In the United States, approximately 80 million people struggle with obstructive sleep apnea, a condition lacking dedicated pharmaceutical treatments to address its underlying causes. Dr. Jeff Emmick, Lilly’s senior vice president of product development, emphasized the significance of these findings, noting that OSA can exacerbate serious cardiometabolic complications, including hypertension, coronary heart disease, stroke, heart failure, atrial fibrillation, and type 2 diabetes.

Moreover, patients treated with Zepbound in both studies experienced significant improvements across various secondary endpoints, such as systolic blood pressure, hypoxic burden, and high-sensitivity C-reactive protein (hsCRP), an inflammation marker, compared to a placebo.

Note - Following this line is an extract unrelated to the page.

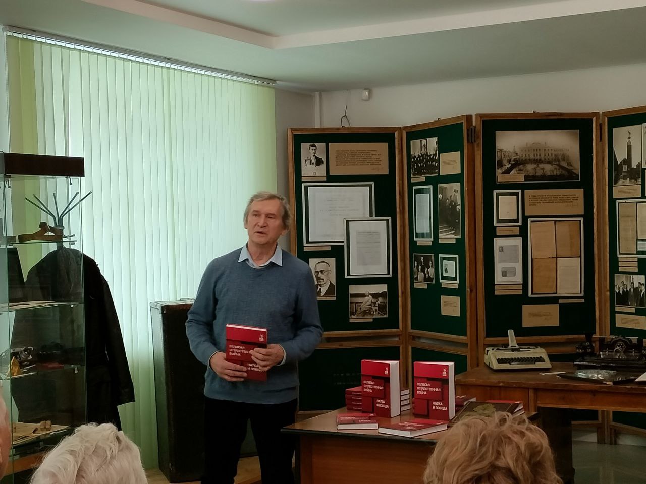 Презентация книги проходила 4 декабря 2025 г. в Центре хранения материалов по истории Сибирского отделения РАН в Институте истории СО РАН, в одном из залов, где расположена экспозиция, посвященная ученому-математику, академику Михаилу Алексеевичу Лаврентьеву, основателю Академгородка в Новосибирске, в годы войны ученый проводил работу по усилению обороноспособности СССР. Одна из глав в представленной книге - о М.А. Лаврентьеве, ее автор Васильев Анатолий Александрович, доктор физико-математических наук, профессор, главный научный сотрудник Института гидродинамики им. М. А. Лаврентьева СО РАН рассказал о некоторых эпизодах из жизни ученого.
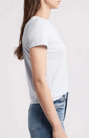 Made from 100% organic linen, our baby tee offers a soft and comfortable fit for everyday wear. Its slightly shrunken fit is perfect for pairing with denim, creating a stylish and effortless look. Say goodbye to fuss and hello to chic simplicity with our light chambray tee.

This milestone for Zepbound is part of a broader success story for tirzepatide. Earlier this month, three doses of the drug helped more than half of metabolic dysfunction-associated steatohepatitis (MASH) patients reduce their fibrosis by at least one stage without disease worsening. Beyond sleep apnea and fatty liver disease, Lilly is also investigating tirzepatide's potential in treating heart failure with preserved ejection fraction.

Despite these advancements, Lilly is still catching up to Novo Nordisk in the diabetes and obesity markets. In March, Novo’s Wegovy became the first weight loss treatment to receive FDA approval for reducing the risk of cardiovascular death, heart attack, and stroke in adults with cardiovascular disease who are obese or overweight.

In terms of financial performance, Mounjaro generated $5.16 billion for Lilly in the treatment of type 2 diabetes throughout 2023, while Zepbound contributed $175.8 million. Meanwhile, Novo’s Ozempic brought in approximately $13.8 billion, and Wegovy added around $4.5 billion to Novo Nordisk’s 2023 sales.

Lilly's recent progress with Zepbound highlights its potential to address a significant unmet medical need in patients with obstructive sleep apnea, marking another step forward in the competitive landscape of weight-loss and diabetes treatments.